Confidence is high, business is buoyant and jobs are being created at an impressive pace, and so against this backdrop we believe European corporate earnings can grow by 15 per cent next year.
But all eyes will be on the pace of the ECB’s taper, the end of Quantitative Easing, and interest rate rises. The ECB is still buying bonds worth €60 billion a month and, even after it reduces these flows in 2018, it is likely to be ‘in the market’ for most of the year.
But as the European recovery gathers steam, the ECB may well begin to question whether its easy policy stance remains appropriate.
The demand for high-quality income will remain a theme – this is unlikely to change given aging demographics around the world. However, given where starting yields are today, investors are unlikely to see strong excess returns from credit markets.
We have had a long-standing negative stance on core government bonds and this has not changed – we still believe them to be vulnerable and they are far too richly valued for our liking.
Within credit the European high yield corporate bond market offers marginally more upside than the corporate investment grade market.
However, with yields at such low levels by historical standards there are clearly risks that bond markets are due a correction.
We asked Darius McDermott, managing director of funds rating service FundCalibre, to suggest a top fund for exposure in Japan, Europe ex-UK and Asian ex-Japan respectively as well as fixed income. Here are his recommendations.
The Baillie Gifford Japanese fund targets growth over the long term through investment in any economic sector in Japan. Up to 10 per cent of the fund’s value can be invested in collective investment schemes and deposits.
The fund has an ongoing charge figure (OCF) of 0.63 per cent and has returned 173.95 per cent over the past five years.
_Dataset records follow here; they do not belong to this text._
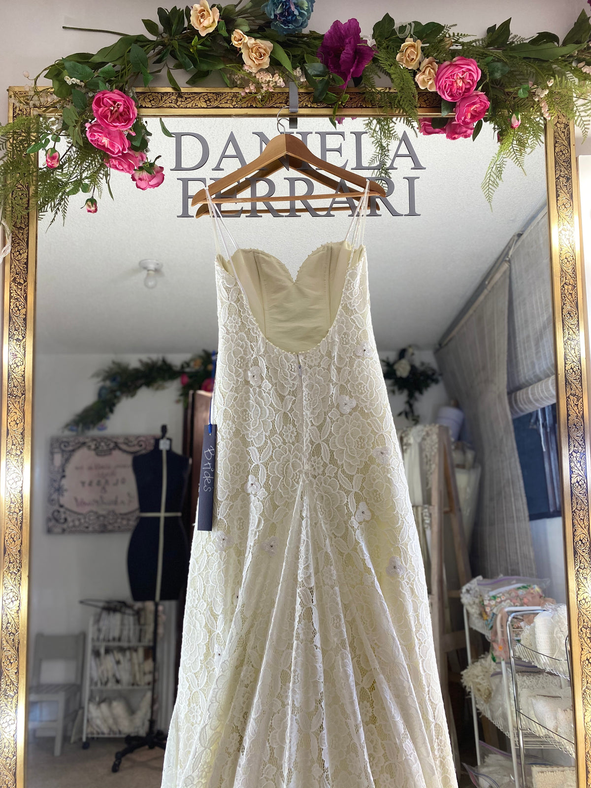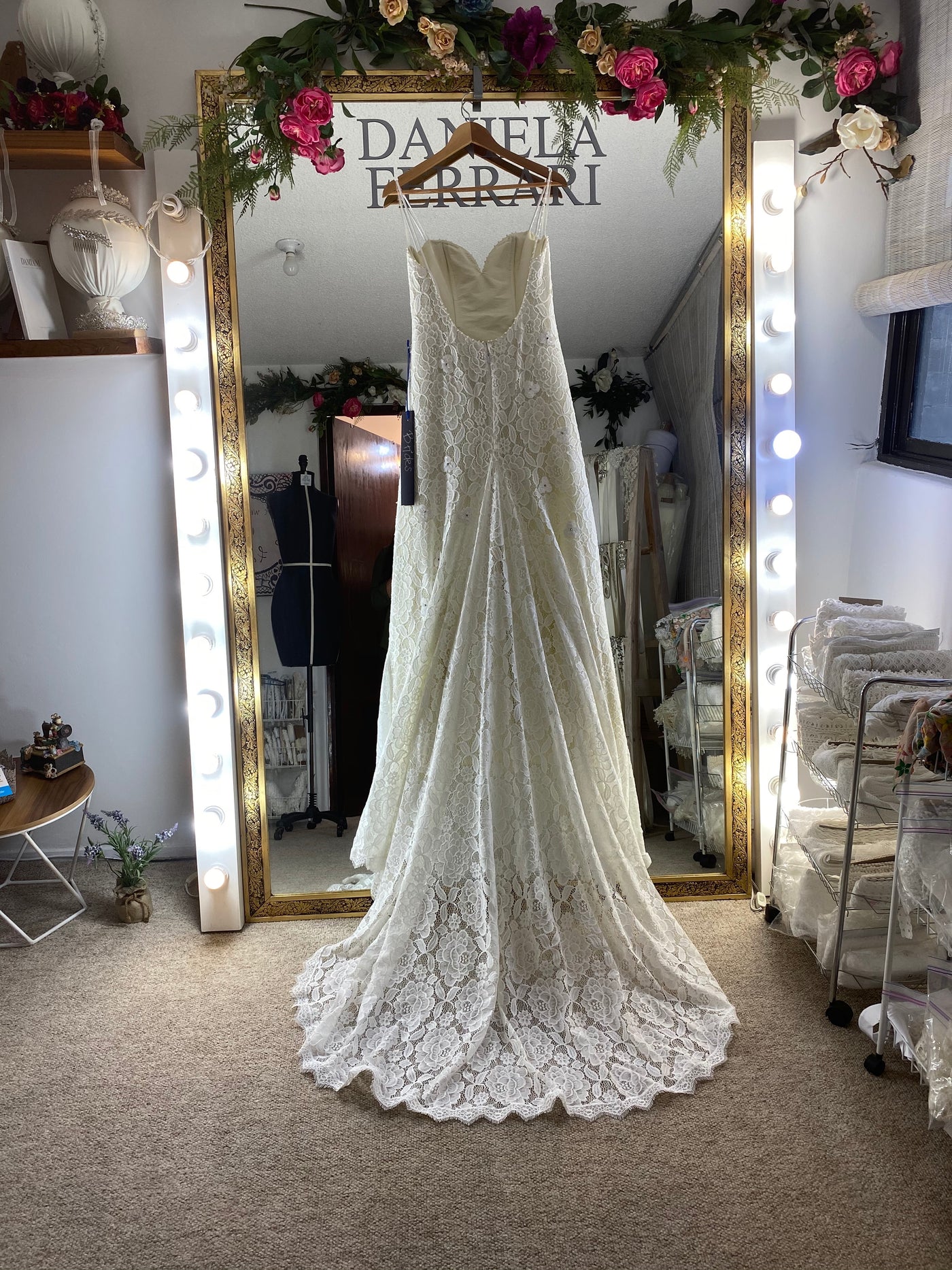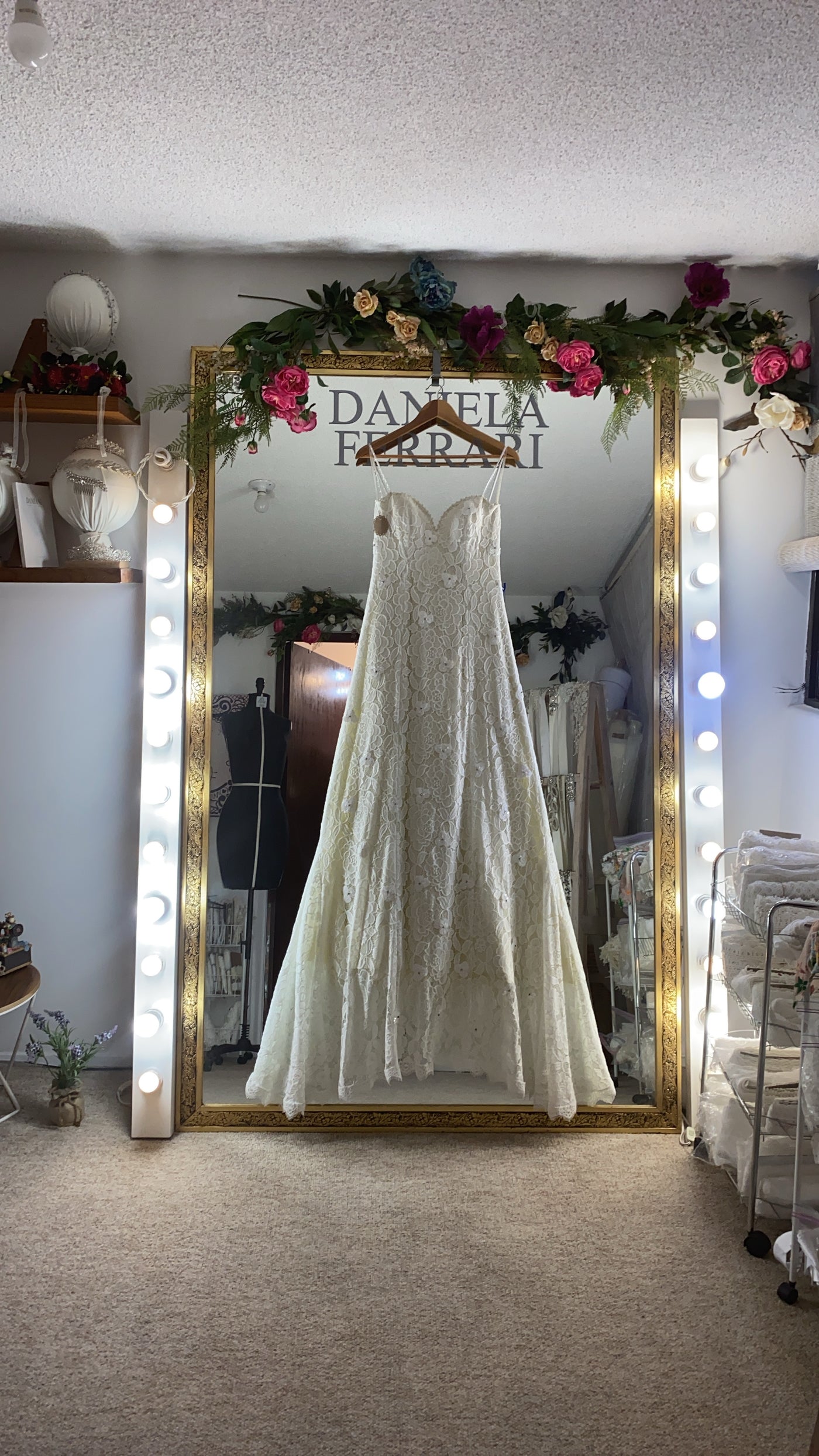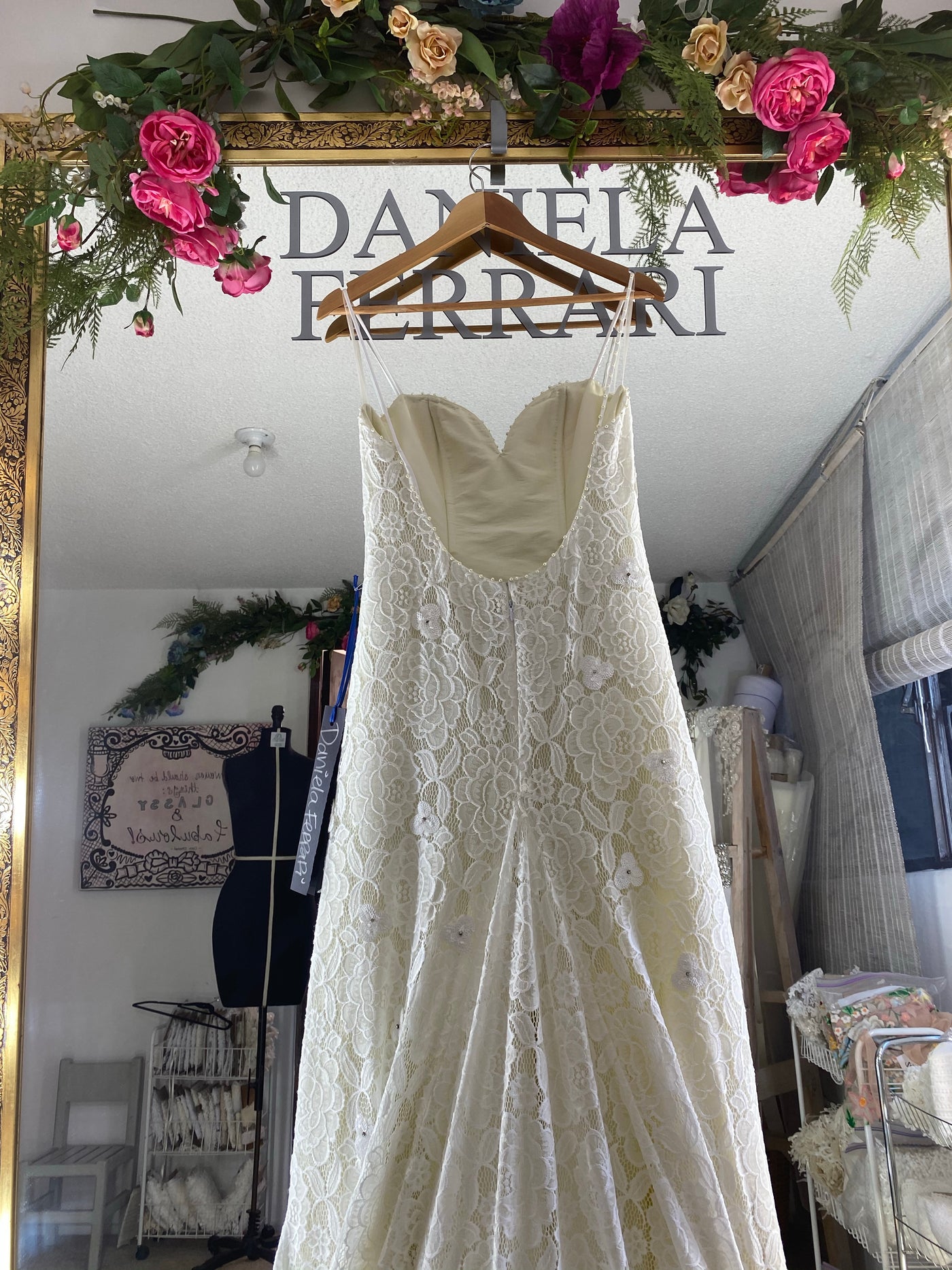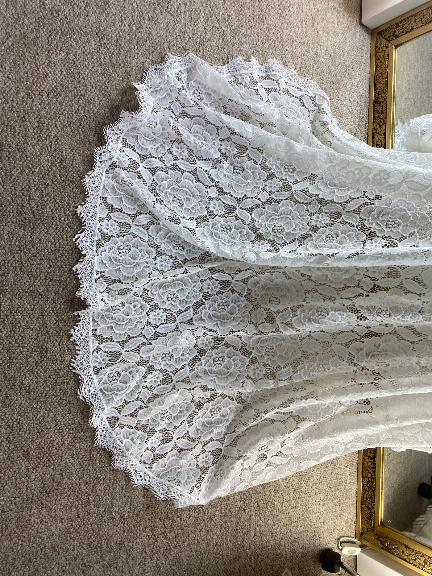 El encaje es un encaje de dibujo clásico español pero stretch entonces es un vestido muy cómodo para disfrutar, esta combinación de materiales es perfecto para bodas de playa o de dia. Para novias de noche seria increible con un cinturon de pedrería, le daria el toque mágico que necesitan las novias de noche. Y obvio un velo que des la entrada del siglo!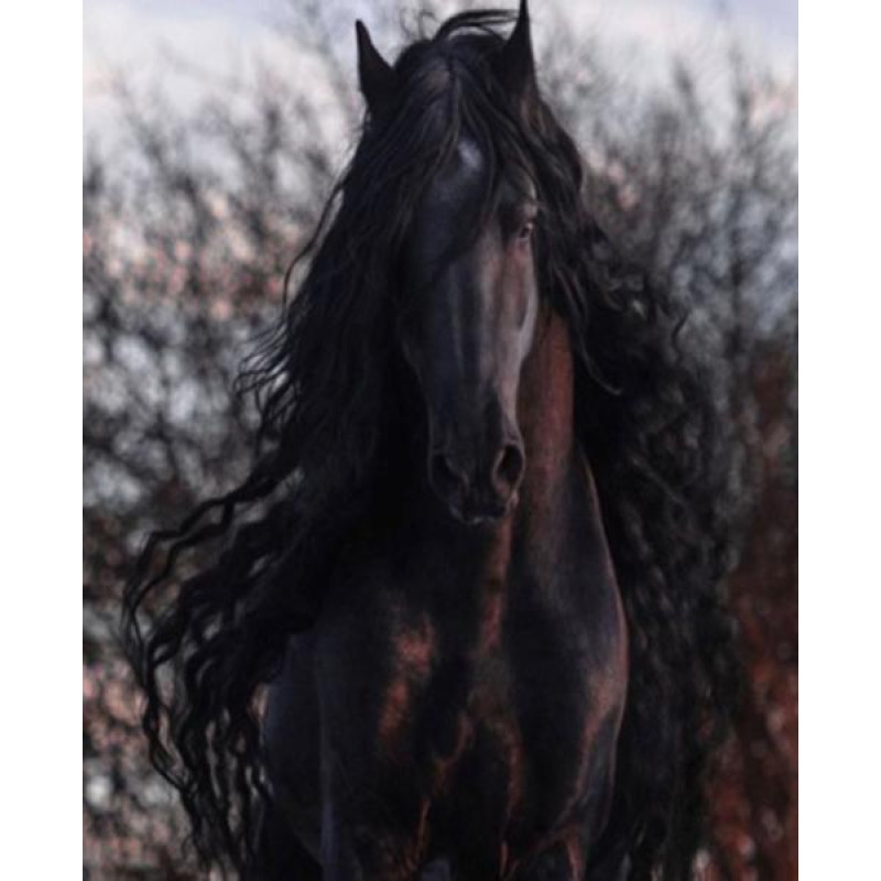 Набор для творчества вышивка камнями Алмазная мозаика Животные. Фризский жеребец, 30х40см, холст на подрамнике, Dreamtoys (Y0101). Комплектация: Полотно с липкий слоем на подрамнике, специальная ручка-стилус для работы со стразами, гель-клей, камни, цветовая схема. Тип камней: круглые. Закладка: По..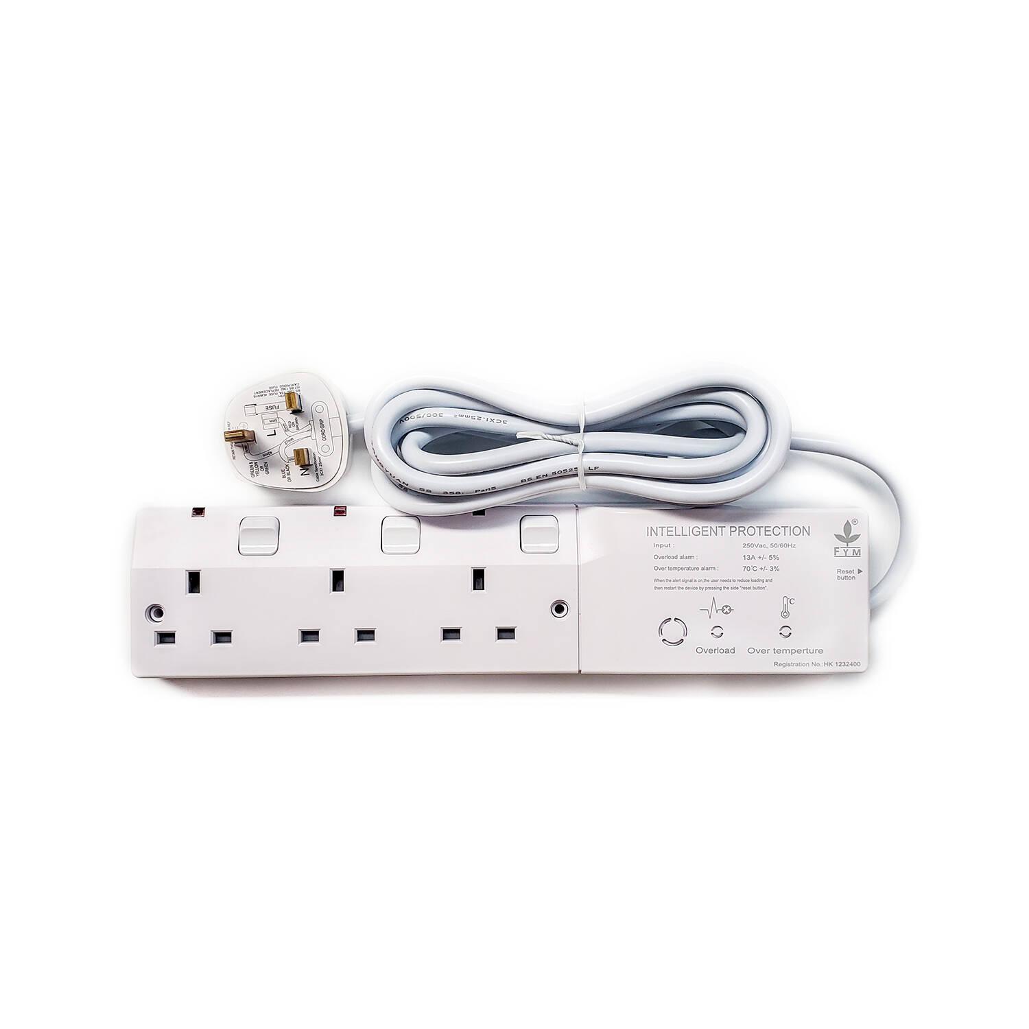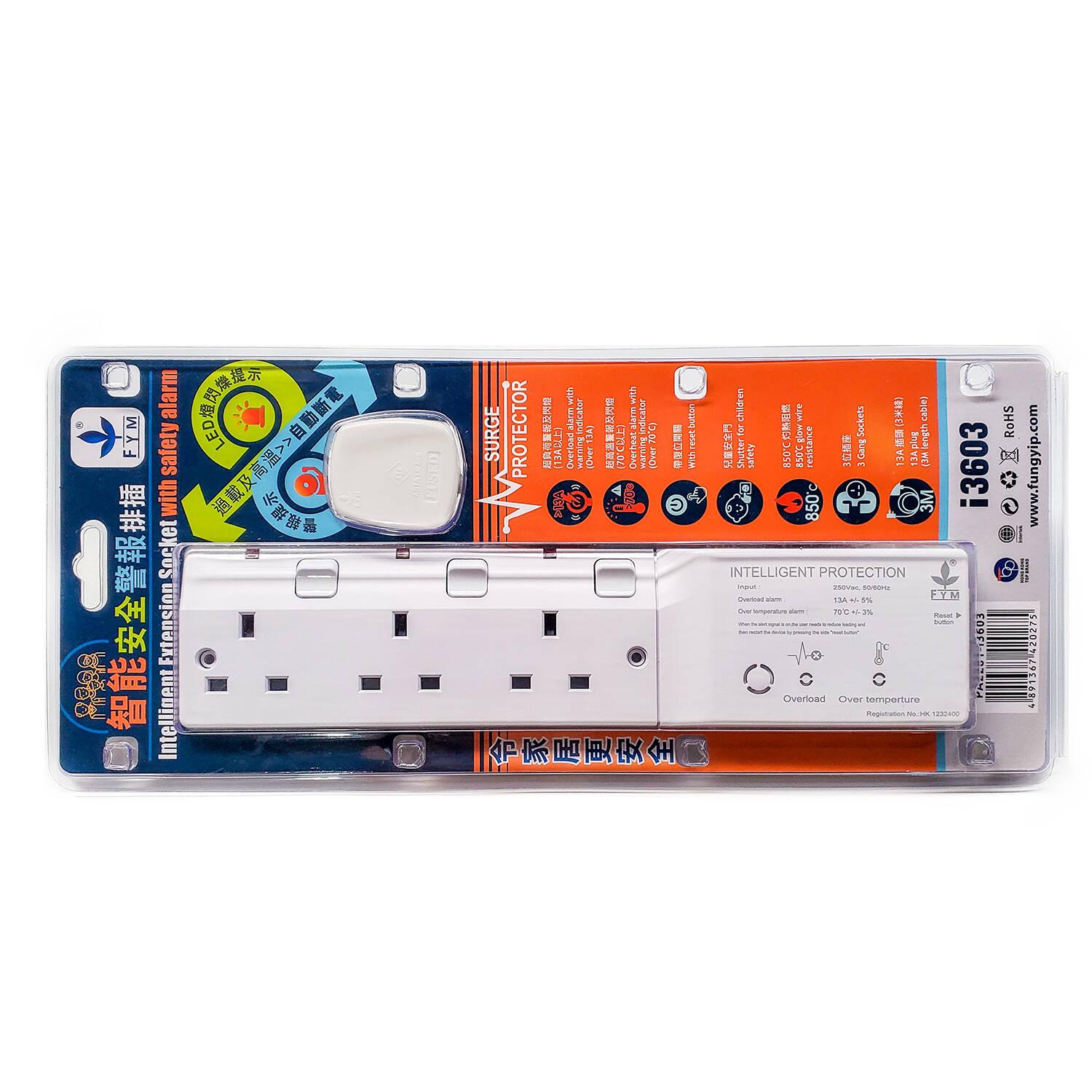 豊葉智能安全警報系列電源拖板(延長線排插排蘇),可讓您將2個至10個物品安全地插入一條拖板,內置智能安全警報器,過載及高溫自動斷電LED燈閃爍和警報提示,帶復位重置開關。當警報信號亮起或響起時,用戶必須減少排插上的負載,之後按下側面的"重置按鈕",將排插重新啟動。 該產品提供3米長的電纜,和帶防雷功能可保護寶貴的電氣設備免受脈衝的影響,並受到保護。

Darius McDermott of FundCalibre suggests funds for exposure in regions across the world as well as fixed income
‘Baillie Gifford have one of the strongest Japan Equity teams around and any one of their funds are worth consideration,’ according to McDermott.
‘Trusts are at a quite high premium now though so this open ended one is preferred.’
The fund invests at least two-thirds of its assets in shares of companies with what the management team deems as good growth prospects in Continental Europe or companies that have significant operations there.
McDermott said: ‘It is a great core fund with a fantastic manager. It holds positions for the long term and invests in good quality companies.’
The fund levies an OCF of 0.83 per cent and has returned 89.13 per cent over the past five years.
For Asia, McDermott singles out the JOHCM Asia ex Japan fund which invests solely in equities in the region.
The fund charges an OCF of 1.03 per cent and boasts five-year returns of 78.28 per cent.
McDermott said: ‘The fund is managed by a very experienced team who have proven themselves through market cycles and the Asian financial crisis.’
For fixed income
McDermott favours AXA Sterling Credit Short Duration fund, which targets quarterly income payments through investments in mainly sterling denominated investment grade bonds with a bias towards shorter maturities.
The fund has an OCF 0.42 per cent and has returned 8.99 per cent over the past five years.
He also heralds Baillie Gifford Corporate Bond, which aims to produce a high level of monthly income by investing primarily in a diversified portfolio of investment grade and sub-investment grade fixed interest securities.
These investments can be denominated in sterling or in currencies other than sterling and hedged back to sterling.
The fund has an OCF of 0.53 per cent and recorded returns of 35.11 per cent over the past five years.
McDermott said: ‘AXA Sterling Credit Short Duration if you want very little interest rate risk or Baillie Gifford Corporate Bond which is actually a strategic bond with a very good manager and which can invest across the fixed income spectrum.’